Statins and delirium during critical illness: a multicenter, prospective cohort study

Affiliations
Multicenter Study

Statins and delirium during critical illness: a multicenter, prospective cohort study

Alessandro Morandi et al. Crit Care Med. 2014 Aug.

Abstract

Objective: Since statins have pleiotropic effects on inflammation and coagulation that may interrupt delirium pathogenesis, we tested the hypotheses that statin exposure is associated with reduced delirium during critical illness, whereas discontinuation of statin therapy is associated with increased delirium.

Design: Multicenter, prospective cohort study.

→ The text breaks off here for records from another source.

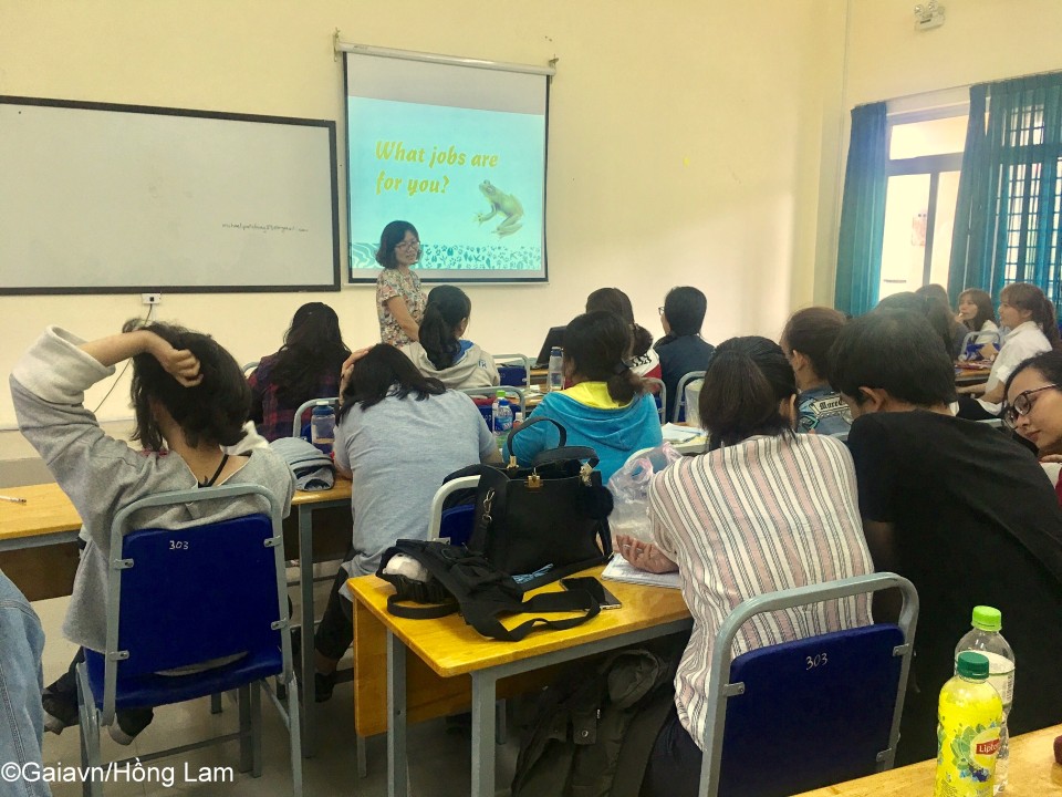 Tại buổi học này, Bà Đỗ Thị Thanh Huyền – Nhà sáng lập – Giám đốc Trung tâm Bảo tồn Thiên nhiên Gaia đã cung cấp cho các bạn sinh viên rất nhiều thông tin kiến thức bổ ích về bảo tồn thiên nhiên, hiện trạng và pháp luật bảo vệ động vật hoang dã tại Việt Nam. Các bạn sinh viên cũng được định hướng về một số ngành nghề, nơi làm việc liên quan đến bảo tồn thiên nhiên. Bài trắc nghiệm giúp sinh viên đánh giá thế mạnh bản thân và lựa chọn ngành nghề phù hợp trong tương lai.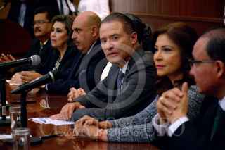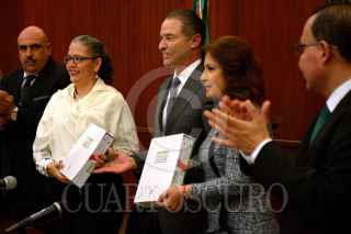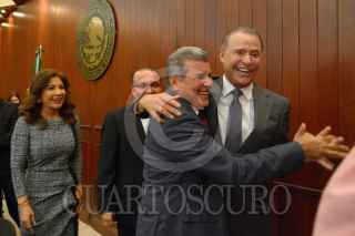 CULIACÁN, SINALOA, 15NOVIEMBRE2019.- El gobernador de Sinaloa, Quirino Ordaz Coppel, entregó su tercer informe de gobierno a la 63 legislatura. Los diputados analizarán el informe y determinarán qué información sobre diferentes aspectos de la administración pública tendrán que ser aclarados o ampliados por el gobierno estatal. El documento fue recibido por la diputada Graciela Domínguez, presidenta de la Junta de Coordinación Política del Congreso. FOTO: JUAN CARLOS CRUZ /CUARTOSCURO.COM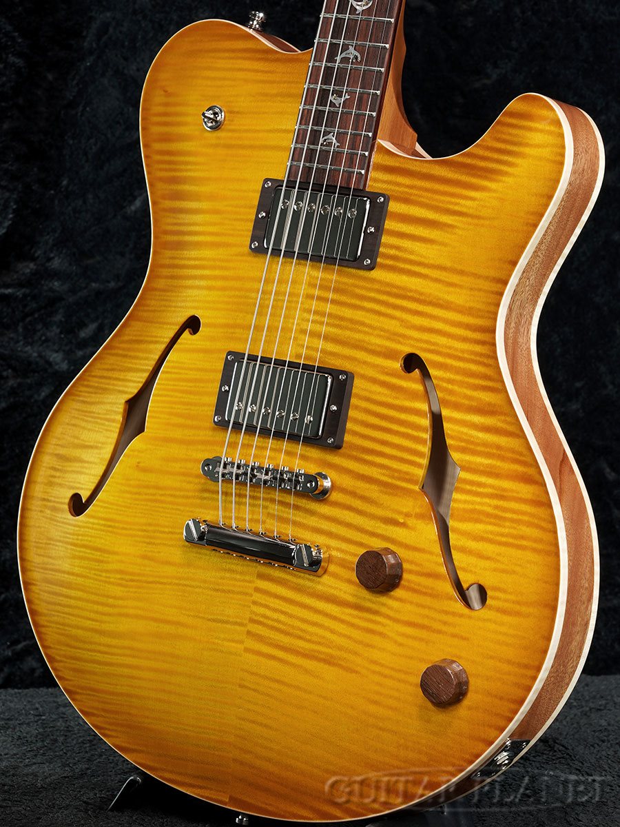 約15.75インチ幅フレイムメイプルトップ&バック、マホガニーサイドのボディに、イースト・インディアン・ローズウッド指板を貼り合わせたマホガニーネックがセットネック構造にてジョイントされております。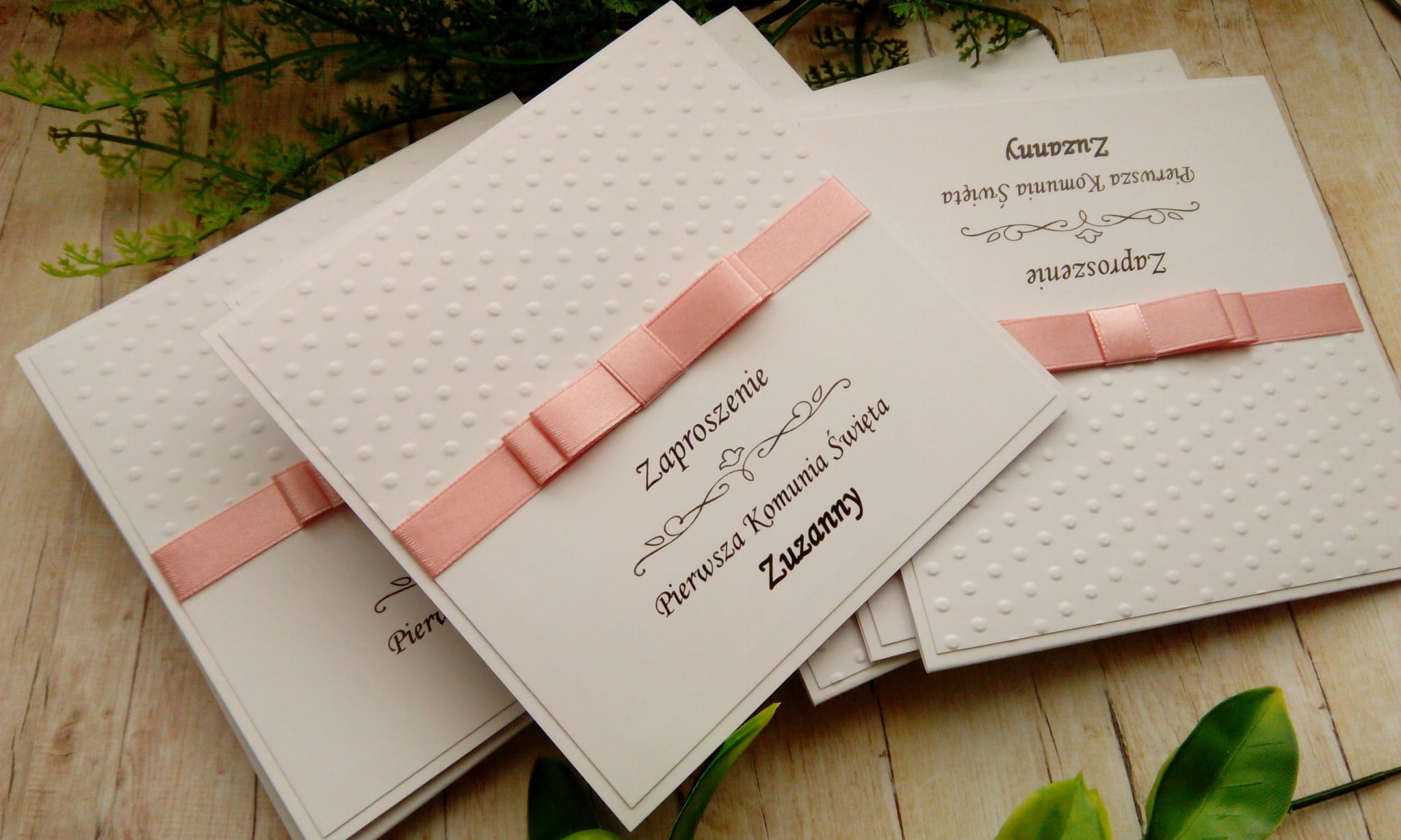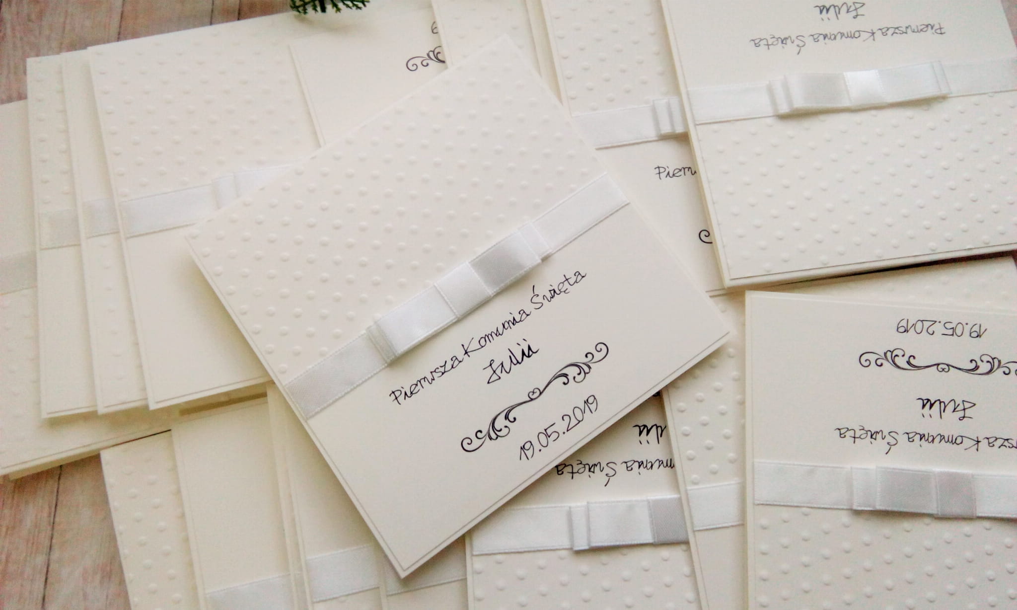 Zaproszenia na komunię z tłoczeniem w formie kropeczek i kokardką - możliwość zmiany kolorystyki.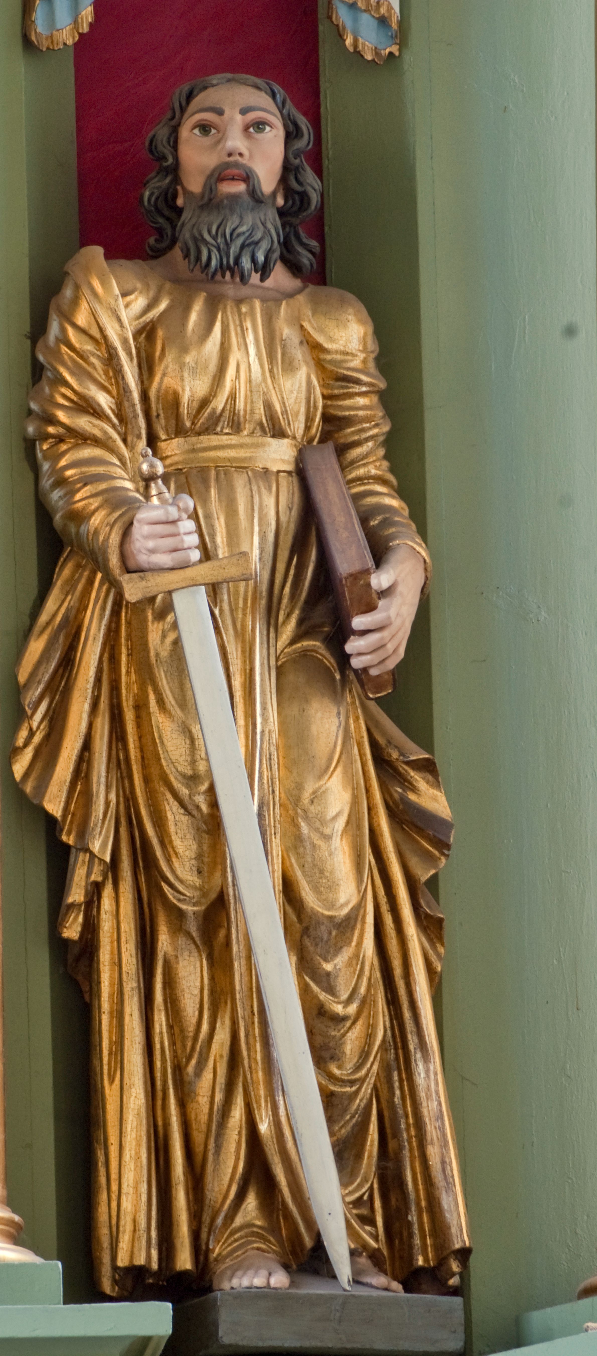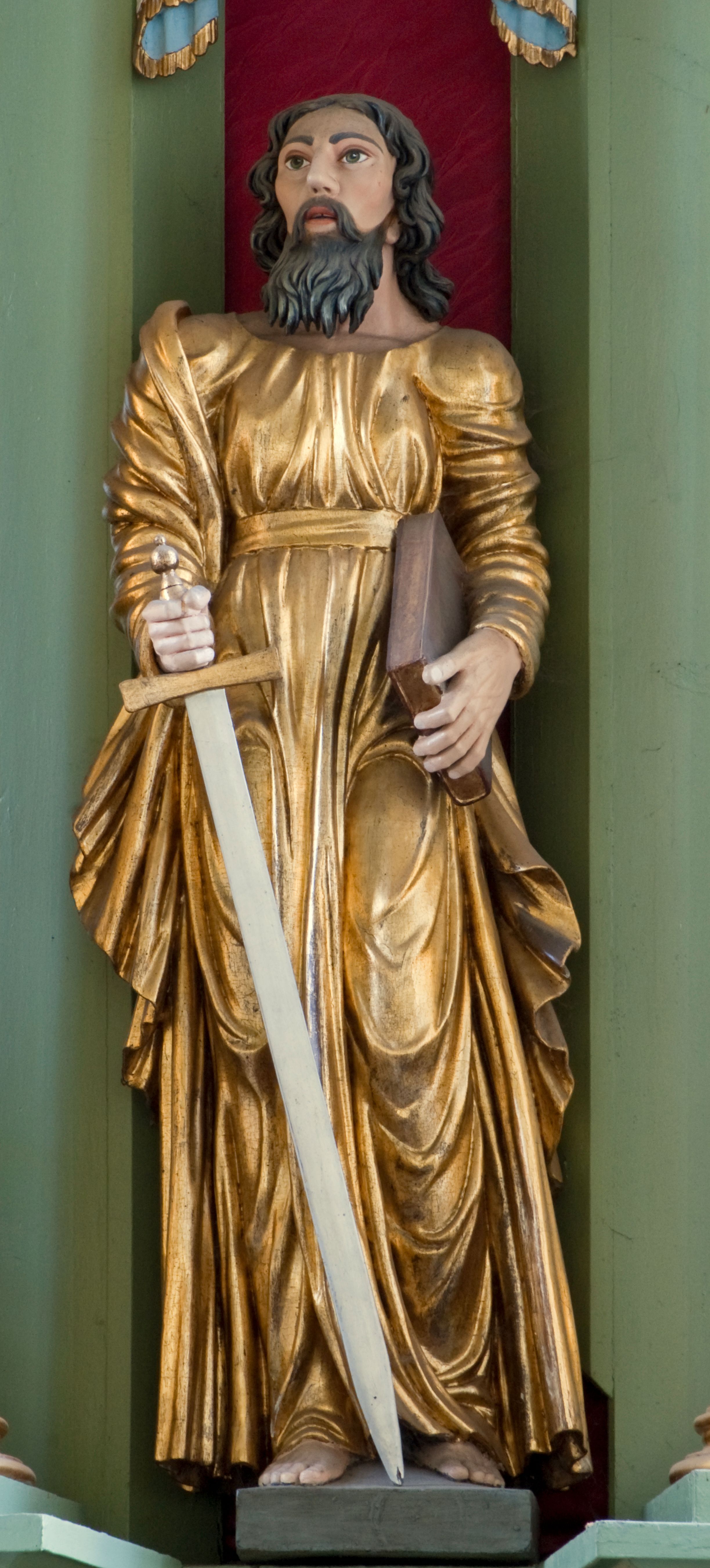 Rzeźba drążona ustawiona na niewielkim, prostopadłościennym postumencie. Święty Paweł został przedstawiony całopostaciowo, w pozycji stojącej, w lekkim kontrapoście. W prawej ręce opuszczonej wzdłuż tułowia trzyma zamkniętą księgę, prawą wspiera na mieczu. Święty został przedstawiony jako dojrzały mężczyzna o wyrazistych rysach twarzy – głęboko osadzonych oczach, krótkim i wąskim nosie oraz wystających kościach policzkowych. Na głowie dłuższe, kręcone włosy w kolorze ciemnobrązowym oraz kędzierzawa broda w tym samym kolorze. Wzrok postaci skierowany przed siebie, usta nieco rozwarte. Święty Paweł jest ubrany w złocone, bogato fałdowane szaty – sięgającą ziemi suknię z długimi, wąskimi rękawami przewiązaną w pasie oraz złoty płaszcz udrapowany wokół prawej ręki. Widoczne spod szat stopy postaci są bose. Figura polichromowana, partie szat złocone.

Setting: Medical and surgical ICUs in two large tertiary care hospitals in the United States.

Patients: Patients with acute respiratory failure or shock.

Interventions: None.

Measurements and main results: We measured statin exposure prior to hospitalization and daily during the ICU stay, and we assessed patients for delirium twice daily using the Confusion Assessment Method for the ICU. Of 763 patients included, whose median (interquartile range) age was 61 years (51-70 yr) and Acute Physiology and Chronic Health Evaluation II was 25 (19-31), 257 (34%) were prehospital statin users and 197 (26%) were ICU statin users. Overall, delirium developed in 588 patients (77%). After adjusting for covariates, ICU statin use was associated with reduced delirium (p < 0.01). This association was modified by sepsis and study day; for example, statin use was associated with reduced delirium among patients with sepsis on study day 1 (odds ratio, 0.22; 95% CI, 0.10-0.49) but not among patients without sepsis on day 1 (odds ratio, 0.92; 95% CI, 0.46-1.84) or among those with sepsis later, for example, on day 13 (odds ratio, 0.70; 95% CI, 0.35-1.41). Prehospital statin use was not associated with delirium (odds ratio, 0.86; 95% CI, 0.44-1.66; p = 0.18), yet the longer a prehospital statin user's statin was held in the ICU, the higher the odds of delirium (overall p < 0.001 with the odds ratio depending on sepsis status and study day due to significant interactions).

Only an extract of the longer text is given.